Her words reminded Amelia how painful it was to understand a little of the background to the photographs she had found months before. The world outside had turned its back on them, destroying homes, drying up fields, taking lives in droves. Nature was killing them indiscriminately, no matter what they did, so they were done with it first. It was self-defense, survival.
All life inside that metal dome was based on that story, on the truth. The truth that had never been questioned, why would it? Amelia didn't have to worry about whether there would be sun or rain as in the past, hot or cold, it didn't matter. She didn't even have to think about what to eat, the food was always the same, as well as the houses, the robot models, and the white sky. Activities had been perfectly automated, jobs assigned and lives properly planned and in order.
Amelia lowered her gaze to the cup of tea on the table. There was still some tea left, now cold. “What's here, why are you still in a house about to fall down?” why couldn't Amelia leave that dome?
“My home.” Replied her great-grandmother in a solemn voice, more alive than ever. “Your home. The house in the pictures is this, it was so many years ago. Life is still here, though covered by a white cloak, beneath us lies the earth where it all came from.”

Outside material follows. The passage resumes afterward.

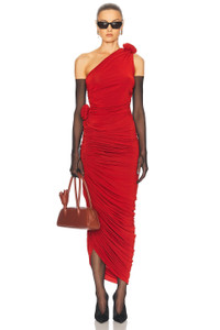 Details - 82% viscose, 11% polyamide, 6% elastane - Made in Poland - Dry clean only - Pull-on styling - One-shoulder design with 3D floral accent - Slinky jersey fabric with ruching detail - Item not sold as a set - Our Style No. MAGF-WS99 - Manufacturer Style No. 164525
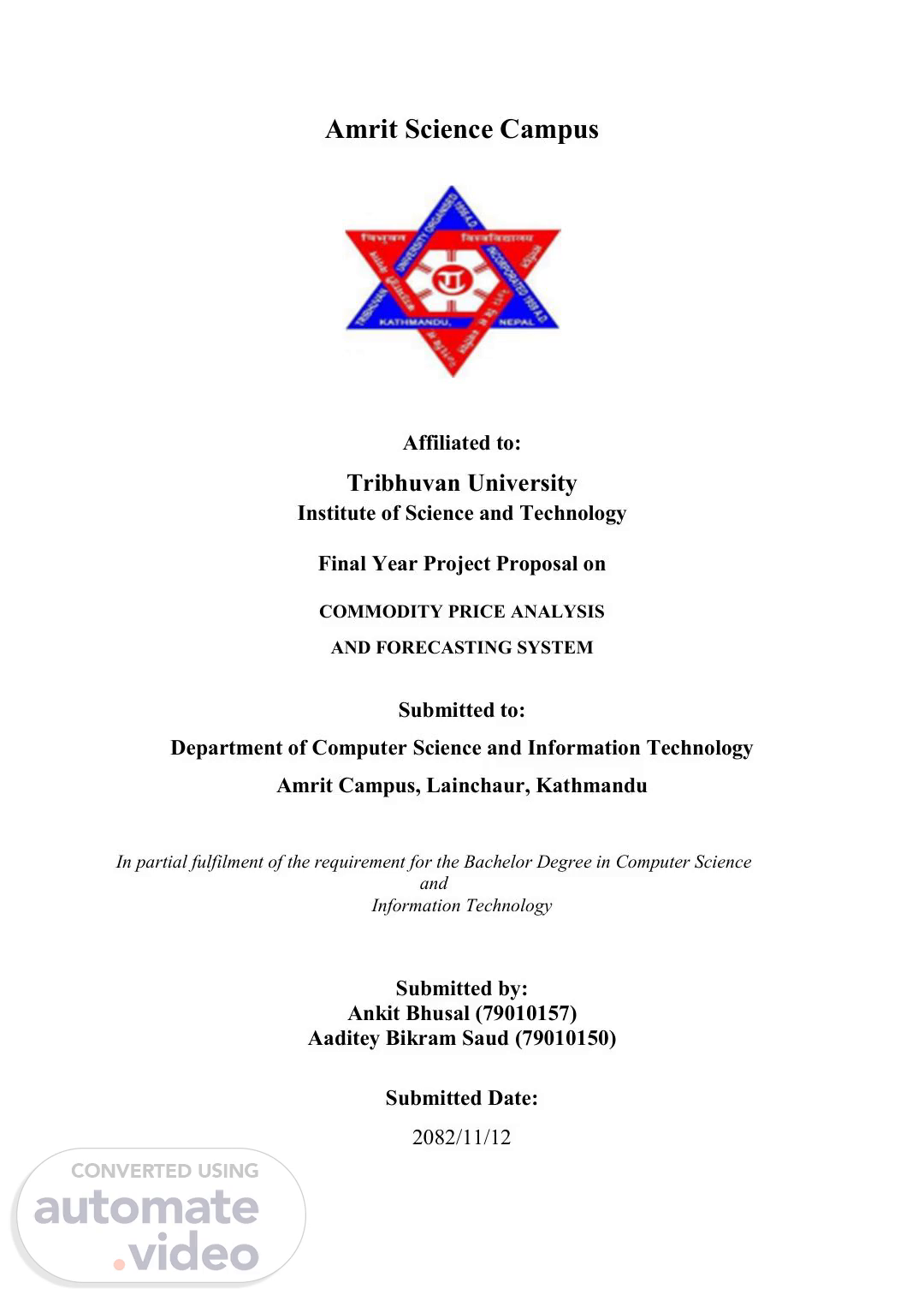 Amrit Science Campus Affiliated to: Tribhuvan University Institute of Science and Technology Final Year Project Proposal on COMMODITY PRICE ANALYSIS AND FORECASTING SYSTEM Submitted to: Department of Computer Science and Information Technology Amrit Campus, Lainchaur, Kathmandu In partial fulfilment of the requirement for the Bachelor Degree in Computer Science and Information Technology Submitted by: Ankit Bhusal (79010157) Aaditey Bikram Saud (79010150) Submitted Date: 2082/11/12.

Amelia spent the whole afternoon listening to the stories behind each of the photos, of the house, of the world that existed just a few feet away, outside the dome. When Amelia returned home, she carried with her not only the documents and the album, but the feeling of being awake for the first time, of seeing everything for the first time. Why did she live the way she did? Why didn't they go back to trying to live with the outside world after so many years?
Now that Amelia knew her great-grandmother, she no longer felt alone in that dome, in that life, yet the house that at some point had to fall, fell. Her grandmother disappeared. Amelia went soon to request a missing person's investigation, fearful of the circumstances of an old woman like her great-grandmother, full of life on the inside, covered with the past on the outside. But there was no response, no change.
It didn't take long for the government to decide it was better to forget the sorrows. The cause. To forget her grandmother. Amelia went so far as to want to deny it altogether, believing that her great-grandmother now lived between the pages of the album she carried with her every day. No one listened to her delusions, no one listened to the world outside, which called out to Amelia again and again. Reclaiming the lost life of her great-grandmother, the last person of a generation of earth and wind.
Amelia could not fill that void. How could she be part of a world that her generation had hurt so much? Did she have the right to love it? To cry for it? To fight for it? She had to face reality, they told her. And so it was, as Amelia again took the same magne-bus that had taken her to the end of time, walking until she reached the place where the house had been. Her home.
The house had been removed for safety reasons, and only remnants of rubble remained on the floor. Dressed exactly the same as her first meeting, Amelia stood where she must have arrived for tea, in front of a window. Listening to the silence, feeling the earth beneath her feet, lowered wires and metal, Amelia opened her eyes, and for the first time, saw the clouds across the dome.